## Aim of the exercise
From the line containing "男性向けラノベタイトル風あだ名 | 『Re:ねちぴちゅから始める異世界生活』 |" to the line containing "https://portal.ceburu.com:7878 - Identity" in the entries below, reproduce every line exactly, ends included. Nothing else belongs in the copy, and no pictures.

## Dataset records

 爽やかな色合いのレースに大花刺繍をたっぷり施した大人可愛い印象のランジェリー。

--

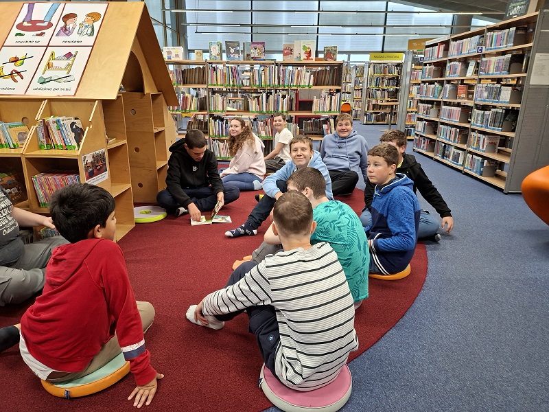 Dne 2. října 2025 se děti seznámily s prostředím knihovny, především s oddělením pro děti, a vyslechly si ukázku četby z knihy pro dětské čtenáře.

---

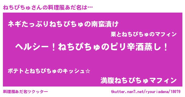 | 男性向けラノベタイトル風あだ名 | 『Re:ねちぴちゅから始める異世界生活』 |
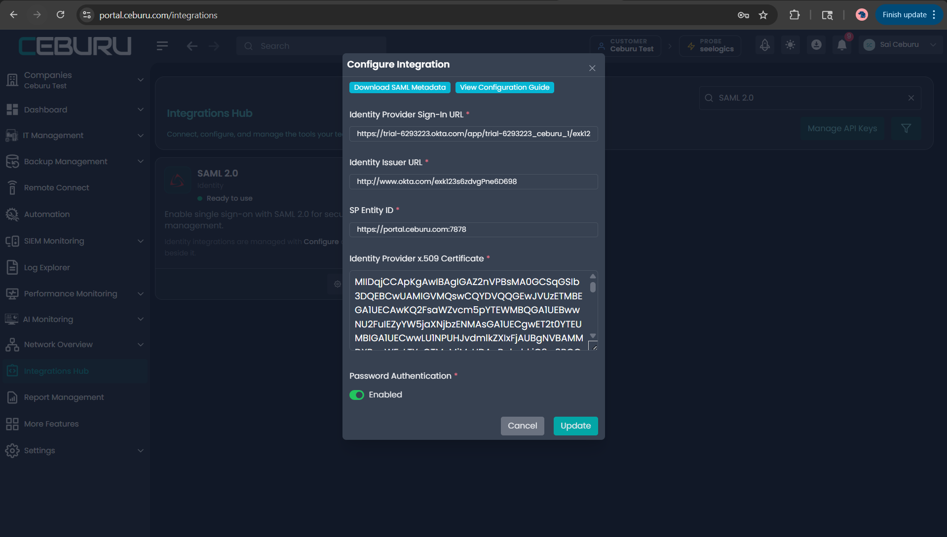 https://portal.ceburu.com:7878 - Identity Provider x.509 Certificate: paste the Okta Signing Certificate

## Reply
 | 男性向けラノベタイトル風あだ名 | 『Re:ねちぴちゅから始める異世界生活』 |
 https://portal.ceburu.com:7878 - Identity Provider x.509 Certificate: paste the Okta Signing Certificate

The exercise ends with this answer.